Single microLED communications offer an ultra-high data-transmission rate for a variety of opportunities for new applications. These include industrial wireless high-speed links in demanding environments such as assembly lines and data centers, and contact-less connectors, or chip-to-chip communication. But their weak optical power limits their applications to short-range communications. In contrast, matrices of thousands of microLEDs contain higher optical powers than open mid- and long-range applications. However, preserving the bandwidth of each microLED within a matrix requires that each signal has to be brought as close as possible to the micro-optical source. 

The University of Edinburgh in the UK, led by Harold Haas, recognised for coining the term 'li-fi' has also had success with micro-LEDs. In work reported in Photonics Research, segmented violet micro-LEDs were used with electrical-to-optical bandwidths up to 655 MHz. An orthogonal frequency division multiplexing (OFDM) based VLC system with adaptive bit and energy loading was demonstrated and a data transmission rate of 11.95 Gbps was achieved with a violet micro-LED, when the nonlinear distortion of the micro-LED is the dominant noise source of the VLC system. A 7.91 Gbpss data transmission rate was reported below the forward error correction threshold using a single pixel of the segmented array when all the noise sources of the VLC system are present.

CEA-Leti’s expertise in the microLED epitaxial process produces microLEDs as small as 10 microns. The smaller the emissive area of the LED, the higher the communication bandwidth – 1.8 GHz in the institute’s single-blue microLED project. The team also produced an advanced multi-carrier modulation combined with digital signal processing. This high-spectrum-efficiency waveform was transmitted by the single LED and was received on a high-speed photodetector and demodulated using a direct sampling oscilloscope. 

CEA-Leti testbed for single GaN blue microLED that achieved throughput of 7.7 Gbps

'This technology has exciting potential for mass-market applications,' said Benoit Miscopein, CEA-Leti research scientist. 'Multi-LED systems could replace wi-fi, but wide-scale adoption will require a standardisation process to ensure the systems’ interoperability between different manufacturers.
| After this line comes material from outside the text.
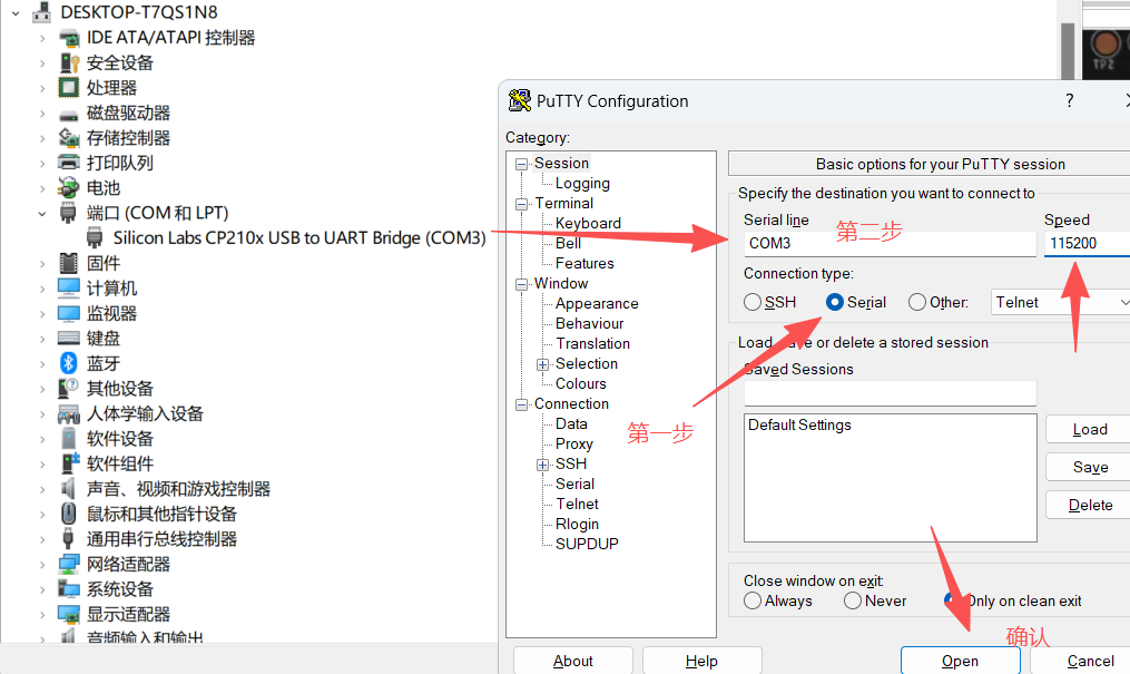PC打开PuTTY,选择连接方式为Serial,将端口号改为系统识别到的端口号,Speed从9600修改为115200,然后连接。

The Light Communications Alliance was created in 2019 to encourage the industry to implement this standardisation.'

In addition to a stand-alone wi-fi-like standard, the possibility to include this new technology as a component carrier in the downlink of 5G-NR, a radio-access technology for 5G mobile considerations, is also under investigation to bring a large additional license-free bandwidth.

'This may be feasible because CEA-Leti’s li-fi physical layer relies on the same concepts as wi-fi and 5G technologies,' said Miscopein. 'Matrices of thousands of microLEDs could also open the way to mid- to long-range applications, such as indoor wireless multiple access.'

Preserving the bandwidth of each microLED within a matrix requires that each signal is generated as close as possible to the micro-optical source.

'To meet this challenge, we expect to hybridise the microLED matrix onto another matrix of CMOS drivers: one simple CMOS driver will pilot one microLED,' Miscopein said. 'This will also enable the additional feature of piloting each microLED pixel independently, and that allows new types of digital-to-optical waveforms that could eliminate the need for digital-to-analog converters commonly used in the conventional ‘analogue’ implementations of li-fi.'

While the Light Communications Alliance will promote interoperability between different manufacturers’ li-fi systems, CEA-Leti will continue its research in two areas:

  • A better understanding of the electrical behavior of single LEDs in high frequency regimes and the link between bandwidth and electromigration patterns, and
  • Techniques to improve the range and/or increase the data rate using multi-LED emissive devices. This requires adapting the waveform generation as well as a CMOS interposer to drive the matrix on a pixel basis.